| ACTION ITEM |
Print the records exactly and in full, please; the pictures stay out.
───── SOURCE DATA
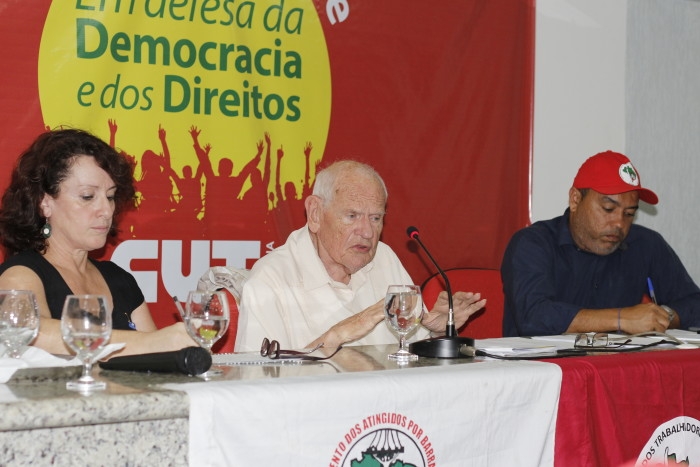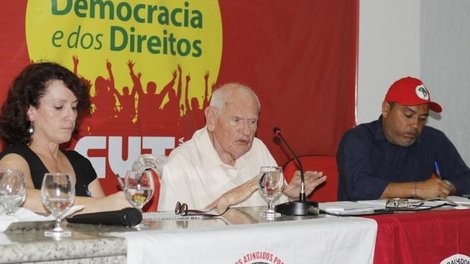 Promovido pela Frente Brasil Popular e pelo MST, debate sobre democracia e lutas populares na América Latina lotou o auditório Adelino Cassis, localizado na CUT Brasília, na noite da última quinta-feira (28). A atividade contou com a participação do sociólogo e filósofo belga François Houtart, um dos idealizadores do Fórum Social Mundial, além de padre adepto da teologia da libertação. O debate também contou com a presença do coordenador nacional do MST, Alexandre Conceição e de outros movimentos comprometidos com a democracia, como Levante Popular da Juventude, Marcha Mundial de Mulheres, Movimento dos Povos da Colômbia e Movimentos Contra Mineração e Barragens.
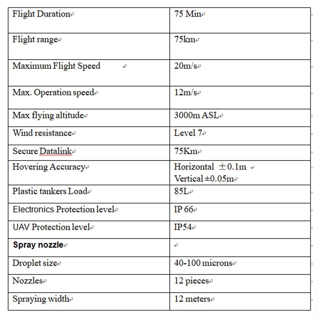 dual antenna direction finding technology, and centimeter-level radar height measurement technology. It has the characteristics of large load capacity, accurate spraying, high positioning accuracy, anti-geomagnetic interference, terrain-like flight and fully autonomous operation, etc., which can greatly improve operating efficiency. , Reduce operating costs.
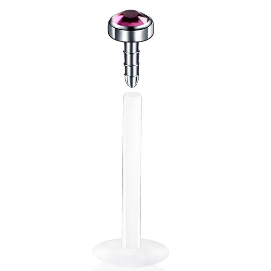 1 шт. титановый Топ для пирсинга губ кольцо для губ Bioplast гибкий стержень Модный кристалл драгоценный камень для уха Козелка завитка тела ювелирные изделия для женщин
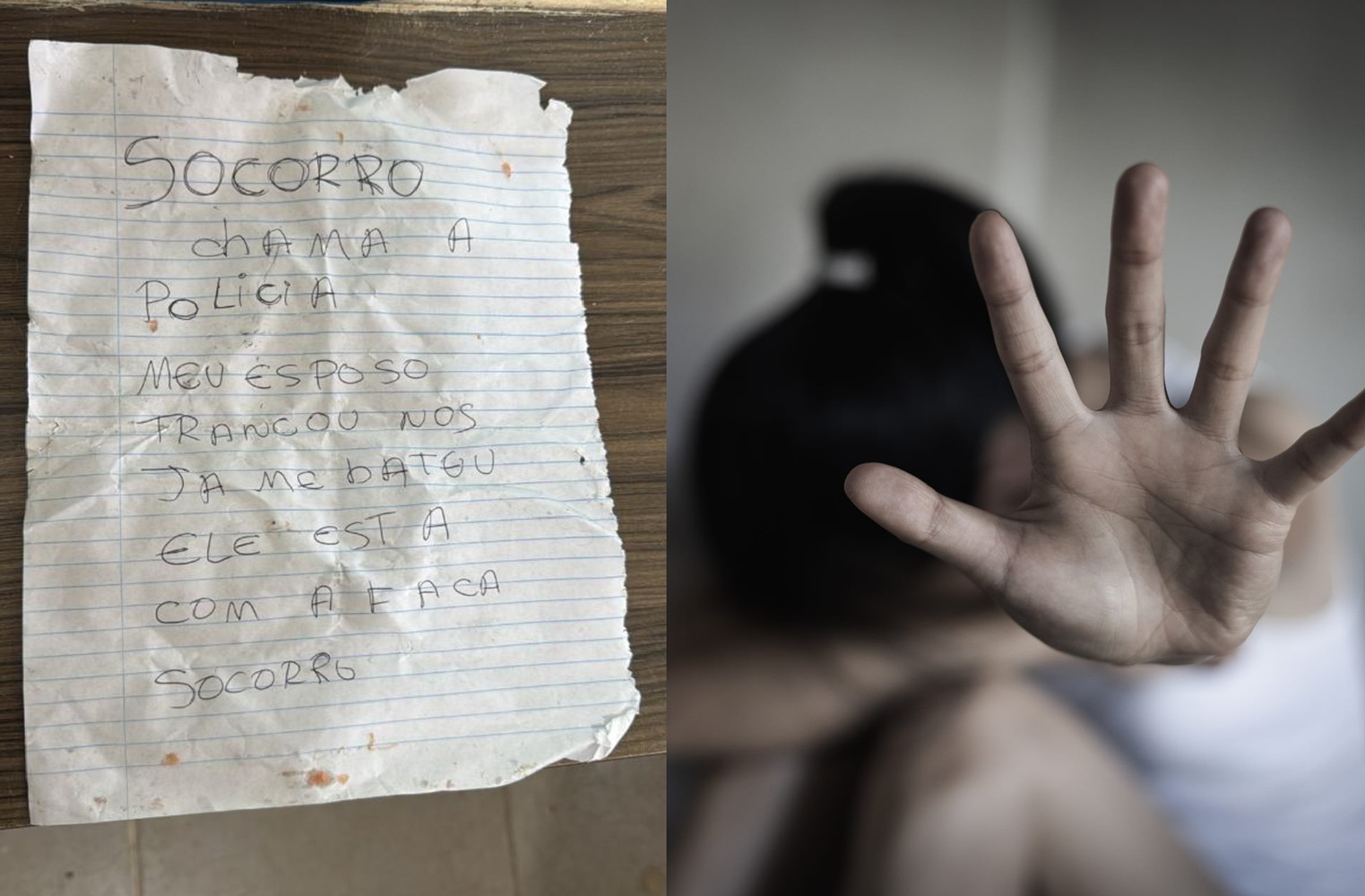 Os policiais militares foram acionados para atenderem a uma ocorrência de possível sequestro em uma residência no bairro Vida Nova II. No local, os militares encontraram um bilhete com a seguinte mensagem. “Socorro, chama a polícia. Meu esposo nos trancou e já me bateu. Ele está com uma faca. Socorro”.
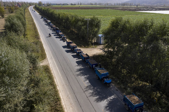 交售馬鈴薯的農(nóng)用車在寧夏固原市西吉縣馬蓮鄉(xiāng)一家淀粉廠門前排起長隊(2020年10月21日攝,無人機照片)。新華社記者 王鵬 攝
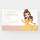 This personalized birthday banner showcases Belle from Beauty and the Beast, gracefully poised in her signature golden gown. The design features soft pink accents, a charming polka-dot pattern, and customizable text for the birthday celebrant’s name. Ideal for princess-themed parties, the banner adds a touch of Disney magic and elegance to any celebration. Crafted with vibrant colors and a whimsical aesthetic, it creates a memorable backdrop for special occasions.
──────────
| EXERCISE SOLUTION |
 Promovido pela Frente Brasil Popular e pelo MST, debate sobre democracia e lutas populares na América Latina lotou o auditório Adelino Cassis, localizado na CUT Brasília, na noite da última quinta-feira (28). A atividade contou com a participação do sociólogo e filósofo belga François Houtart, um dos idealizadores do Fórum Social Mundial, além de padre adepto da teologia da libertação. O debate também contou com a presença do coordenador nacional do MST, Alexandre Conceição e de outros movimentos comprometidos com a democracia, como Levante Popular da Juventude, Marcha Mundial de Mulheres, Movimento dos Povos da Colômbia e Movimentos Contra Mineração e Barragens.
 dual antenna direction finding technology, and centimeter-level radar height measurement technology. It has the characteristics of large load capacity, accurate spraying, high positioning accuracy, anti-geomagnetic interference, terrain-like flight and fully autonomous operation, etc., which can greatly improve operating efficiency. , Reduce operating costs.
 1 шт. титановый Топ для пирсинга губ кольцо для губ Bioplast гибкий стержень Модный кристалл драгоценный камень для уха Козелка завитка тела ювелирные изделия для женщин
 Os policiais militares foram acionados para atenderem a uma ocorrência de possível sequestro em uma residência no bairro Vida Nova II. No local, os militares encontraram um bilhete com a seguinte mensagem. “Socorro, chama a polícia. Meu esposo nos trancou e já me bateu. Ele está com uma faca. Socorro”.
 交售馬鈴薯的農(nóng)用車在寧夏固原市西吉縣馬蓮鄉(xiāng)一家淀粉廠門前排起長隊(2020年10月21日攝,無人機照片)。新華社記者 王鵬 攝
 This personalized birthday banner showcases Belle from Beauty and the Beast, gracefully poised in her signature golden gown. The design features soft pink accents, a charming polka-dot pattern, and customizable text for the birthday celebrant’s name. Ideal for princess-themed parties, the banner adds a touch of Disney magic and elegance to any celebration. Crafted with vibrant colors and a whimsical aesthetic, it creates a memorable backdrop for special occasions.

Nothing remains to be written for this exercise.